• **GIVEN DATA**:
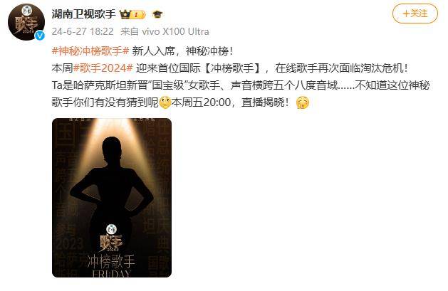6月27日,@湖南卫视歌手宣布:本周《歌手2024》 迎来首位国际冲榜歌手。此外,节目组还介绍称“Ta是哈萨克斯坦新晋‘国宝级’女歌手、声音横跨五个八度音域……”
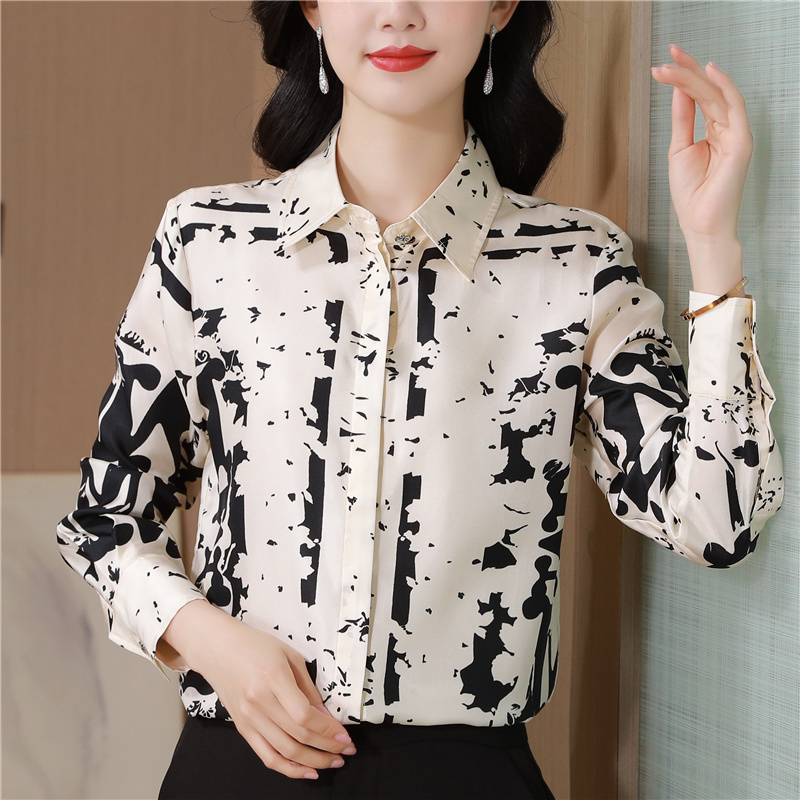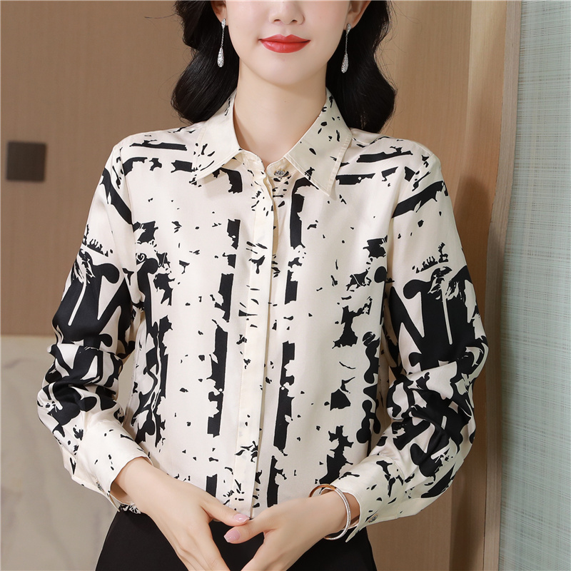 FA47649# 贵气袭人100%桑蚕丝字母泼墨斑驳点缀印花斜纹理宽松长袖衬衫 服裝批發女裝批發服飾貨源
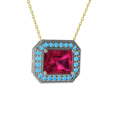 Rodolit garnet ve akuamarin 8 ayar beyaz altın kolye (40 cm gümüş rolo zincir)
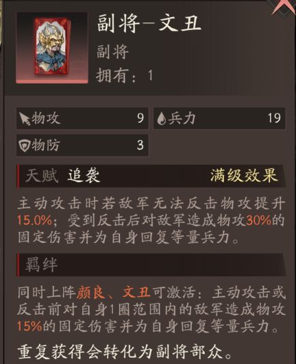 主动攻击时若敌军无法反击物攻提升15.0%;受到反击后对敌军造成物攻30%的固定伤害并为自身回复等量兵力。

• **WHAT IS NEEDED**: Copy every line above exactly, leaving no picture in the copy.

• **RESPONSE TO THIS EXERCISE**:
6月27日,@湖南卫视歌手宣布:本周《歌手2024》 迎来首位国际冲榜歌手。此外,节目组还介绍称“Ta是哈萨克斯坦新晋‘国宝级’女歌手、声音横跨五个八度音域……”
 FA47649# 贵气袭人100%桑蚕丝字母泼墨斑驳点缀印花斜纹理宽松长袖衬衫 服裝批發女裝批發服飾貨源
 Rodolit garnet ve akuamarin 8 ayar beyaz altın kolye (40 cm gümüş rolo zincir)
 主动攻击时若敌军无法反击物攻提升15.0%;受到反击后对敌军造成物攻30%的固定伤害并为自身回复等量兵力。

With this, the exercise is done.